Furthermore, sub clause 4 of clause 11 of the companies rules provides that “such director shall be considered as an independent director subject to his giving a declaration of his independence in accordance with sub-section (7) of Section 149 of the Act”.

It is therefore clear from the aforesaid clause that the small shareholder director may or may not be an independent director, thus, making optional for small shareholder director to be an independent director.

This empowers the minority/small shareholders rights in the process of decision making and in the management of the company. Thus, it also states the provisions where the interest of the minority shareholders can be protected through the appointment of an independent shareholder directors.


E-Voting has been made mandatory for the listed companies with at least 1000 shareholders which indeed will enhance the active participation and offers a platform to the minority shareholders in the management of the company. This will also enable the minority shareholders to exercise their power in the company.

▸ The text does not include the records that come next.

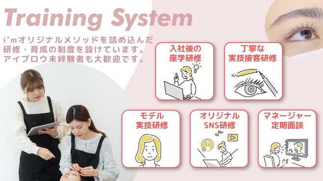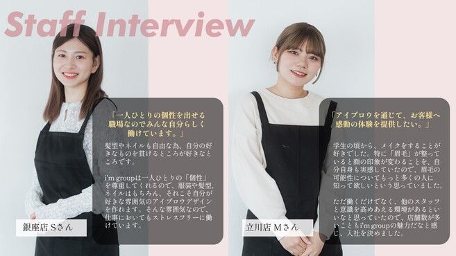 私は当時、アイブロウ自体は未経験だったこともあり、しっかりとした研修制度があることを望んでいました。また、ただ働くだけでなく、他のスタッフと意識を高めあえる環境があるといいなと思っていたので、店舗数が多いこともi'm groupの魅力だなと感じ、入社を決めました。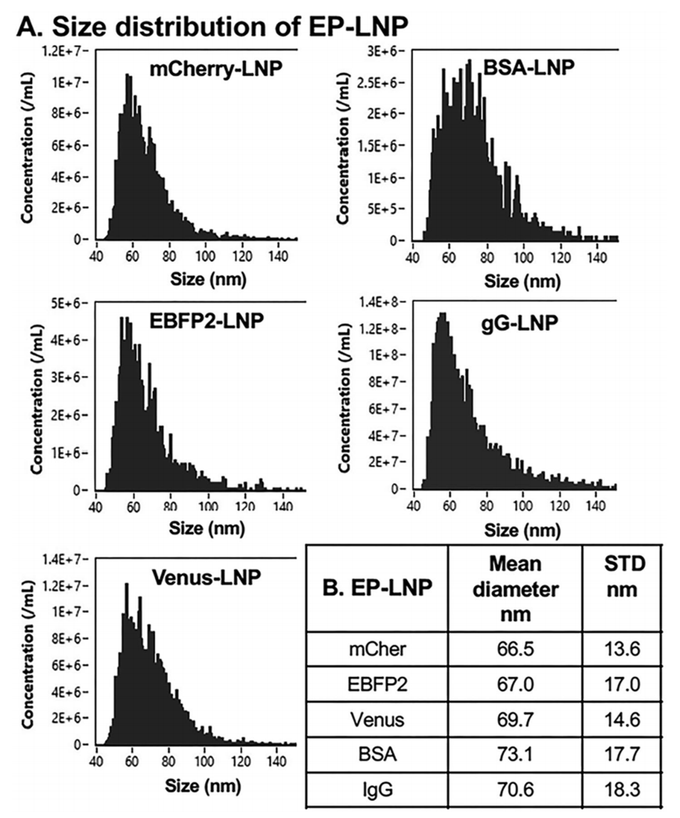 为验证封装蛋白的细胞内递送性能,实验使用了人肺腺癌细胞(A549)和乳腺癌细胞(SKBR3)。细胞分别与封装蛋白的LNP(EP-LNP)和游离蛋白孵育。荧光显微镜用于观察荧光蛋白在细胞内的分布情况,同时抗体的功能性通过检测HER2受体结合能力得以验证。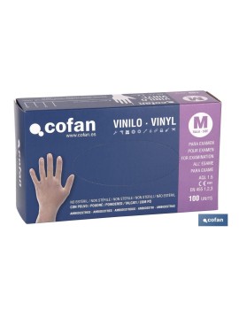 Caja dispensadora de 100 guantes finos 100% vinilo con polvillo y ambidiestros. Compatible con uso alimentario. Longitud 24 cm. AQL 1,5.

Protection of Minority Shareholders – Steps taken by companies

Piggy Backing – This provision states that if the majority sells their shares then the minority shareholder right has to be included in the deal. Moreover, “Piggy Backing” requires the party to consider the purchase of the business to sell 100 percent of the outstanding shares. To ensure the compulsory provisions of the minority shareholders.


After critically examining the provisions of Companies Act, 2013, it can be ascertained that the core intention of the legislation is to safeguard the interests of the minority shareholders but it requires the proper implementation of these provisions safeguarding and to give due consideration to their valuable rights. It may also be concluded that the minority shareholders back in Companies Act, 1956 were not considered as a major part of the company due to suppression of the majority rules and regulations in the company. But Companies Act 2013 has taken various crucial steps to safeguard the interest of the minority rights of the shareholders in the company irrespective of existence of oppression and mismanagement of the company affecting the rights of the minority shareholders. Therefore, this dual approach towards the enforcement of the minority rights guarantees proper administration of the corporate activities successfully only when it is implemented properly by giving importance and rights to the minority shareholders in the management of the company.